高橋さんは、豆腐の原料にこだわる一方で、製造方法や配送ルートを見直し、人件費の削減や価格改定などを行い、ようやく利益が出始めたいま、新たな施策として「直販とEC販売の強化」を考えています。しかし、現在もスーパーなどの卸が95%を占めていること、さらにはEC販売に不可欠なSNSが全く手付かずの状態だと話しました。
そんな高橋さんに対して、健康志向が進む昨今、世界的にみても豆腐のポテンシャルは高いと参加者たちは諭し、その中でほかとは異なる施策が必要ではないかとアドバイスを送りました。その一つがオーダーメイドによる豆腐販売。これなら付加価値があるので、高価格帯での販売が可能になるかもしれないと、早くも現実的なアイデアが寄せられています。
ヘルシー志向の高まりを受けて、世界的に注目を集める「豆腐」。絶好の機会に高橋さんが仕掛ける一手とは?
家業のアップデートへとつながる新たな取り組みに期待も高まる
約2時間にわたって開催されたキックオフ会。その中で家業イノベーターたちの課題のブラッシュアップの時間は40分と限られていたにも関わらず、参加者たちの惜しみないアドバイスはもちろん、新たなアイデアも飛び交うなど、昨年以上の熱量が期待できる内容となりました。
今後、家業イノベーターたちの課題克服のために、参加者たちの経験や知恵がどんな化学反応を巻き起こすのか。

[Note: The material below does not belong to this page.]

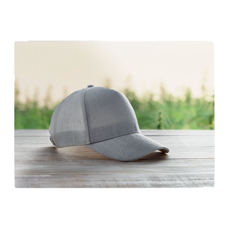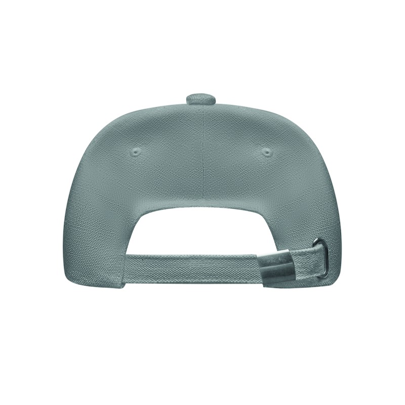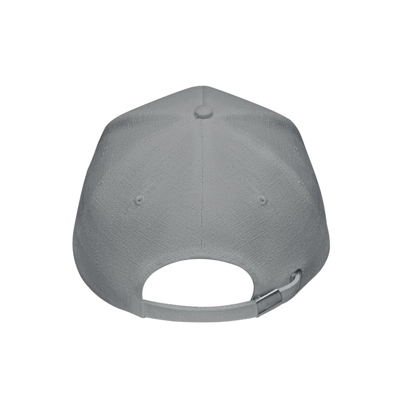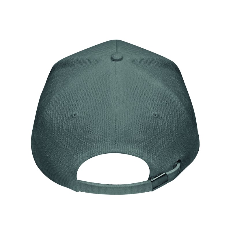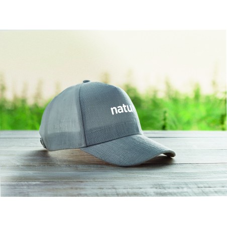 Casquette de baseball 5 pans en tissu 100% chanvre 370 gr/m² avec clip en laiton sur fermeture à sangle réglable. 5 œillets surpiqués de couleur assortie. Taille 7 1/4.
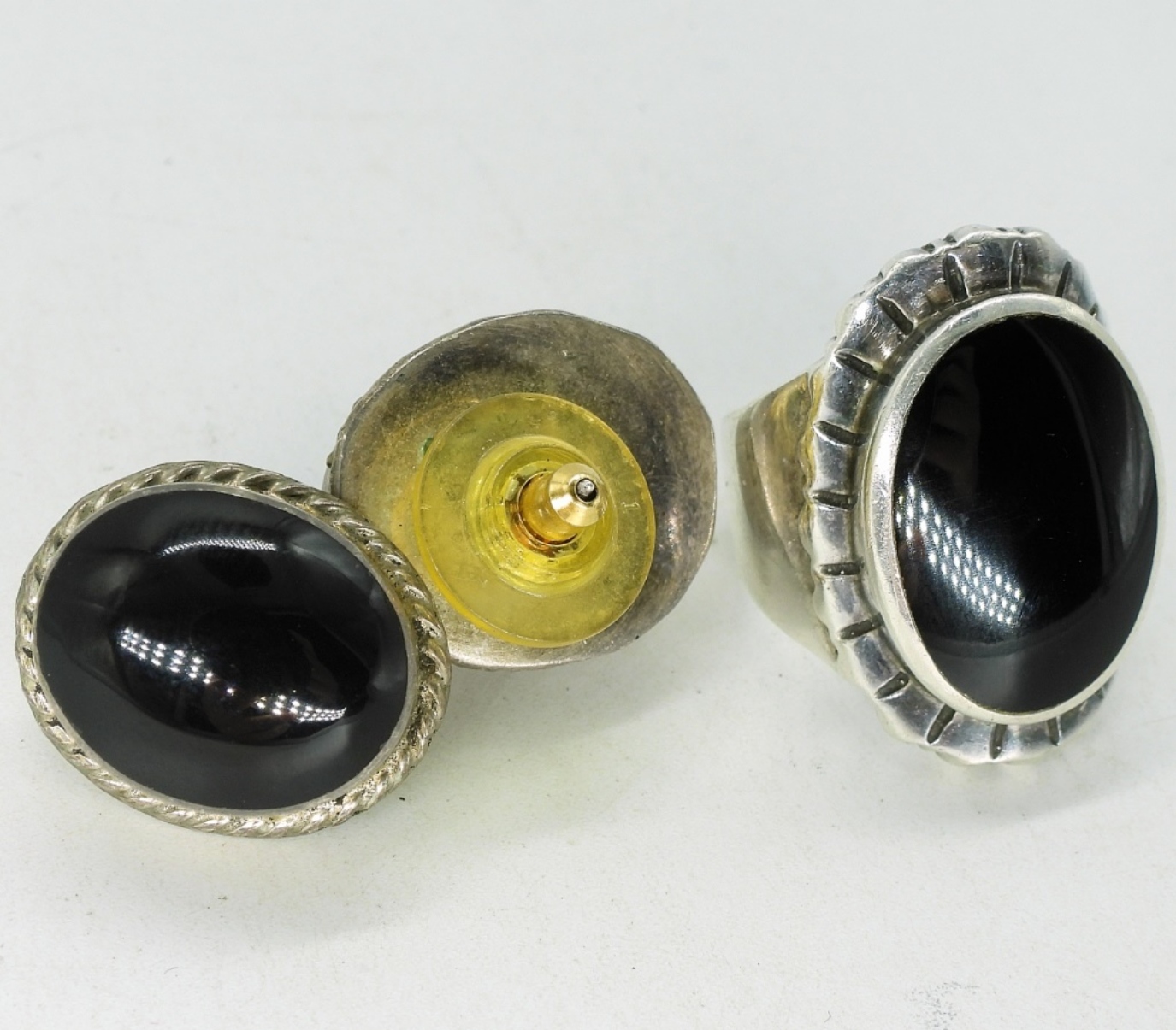 Sterling black onyx ring, size 6. Sterling black onyx pierced earrings. (15.8 dwt)

さらには、それがどのように事業のアップデートへとつながるのか。今年度のアイデアソンも大いに期待が高まります。
『家業×つくば ~家業イノベーション・アイデアソン2020~』の第1回は9月30日(水)に開催予定です。新たなビジネスが生まれるその瞬間を、ぜひ、皆さんご自身も一緒に体感してみてください。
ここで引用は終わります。